**Exercise instructions**
Among the entries below, only the lines starting at the one with "NPBでも,もう通用しないか" and ending at the one with "也非常感謝藝術扶苗慈善基金會贊助愛心素食飯盒,愛心奉獻,造福柴灣區街坊❤️", both included, are to be printed exactly.

**Listed entries**
************

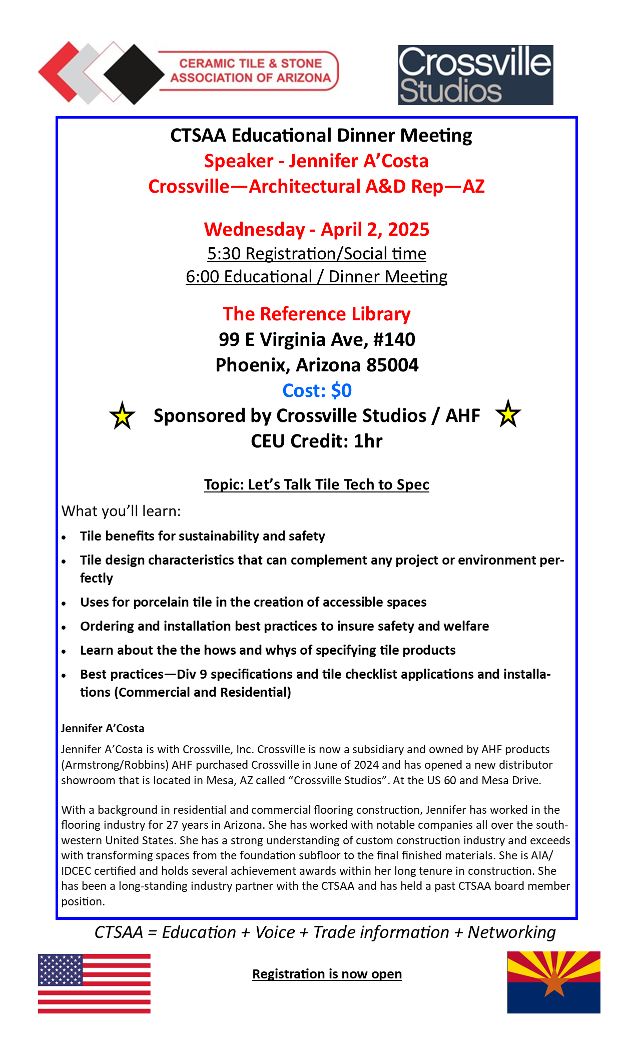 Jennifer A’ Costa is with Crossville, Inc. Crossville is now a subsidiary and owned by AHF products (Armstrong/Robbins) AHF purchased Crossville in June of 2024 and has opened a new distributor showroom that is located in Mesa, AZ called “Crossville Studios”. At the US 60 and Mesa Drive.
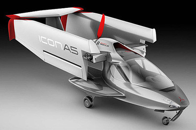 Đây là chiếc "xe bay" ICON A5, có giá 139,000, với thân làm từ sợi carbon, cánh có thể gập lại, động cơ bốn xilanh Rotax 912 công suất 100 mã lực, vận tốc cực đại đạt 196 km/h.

************

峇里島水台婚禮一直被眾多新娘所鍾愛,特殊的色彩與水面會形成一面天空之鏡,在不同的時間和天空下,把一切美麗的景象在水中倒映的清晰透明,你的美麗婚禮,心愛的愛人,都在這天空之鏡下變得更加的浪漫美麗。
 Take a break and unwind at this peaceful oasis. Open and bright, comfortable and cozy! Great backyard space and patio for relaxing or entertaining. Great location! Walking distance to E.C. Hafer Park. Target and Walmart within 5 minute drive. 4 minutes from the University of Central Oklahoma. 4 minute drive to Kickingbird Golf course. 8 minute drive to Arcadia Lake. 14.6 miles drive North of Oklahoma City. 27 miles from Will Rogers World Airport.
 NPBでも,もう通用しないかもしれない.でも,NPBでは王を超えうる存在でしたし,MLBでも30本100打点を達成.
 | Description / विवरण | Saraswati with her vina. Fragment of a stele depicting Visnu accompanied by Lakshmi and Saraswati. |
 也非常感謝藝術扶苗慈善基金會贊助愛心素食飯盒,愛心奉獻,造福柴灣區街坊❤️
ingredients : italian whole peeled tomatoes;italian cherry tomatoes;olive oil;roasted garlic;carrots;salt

************

**Finished exercise**
 NPBでも,もう通用しないかもしれない.でも,NPBでは王を超えうる存在でしたし,MLBでも30本100打点を達成.
 | Description / विवरण | Saraswati with her vina. Fragment of a stele depicting Visnu accompanied by Lakshmi and Saraswati. |
 也非常感謝藝術扶苗慈善基金會贊助愛心素食飯盒,愛心奉獻,造福柴灣區街坊❤️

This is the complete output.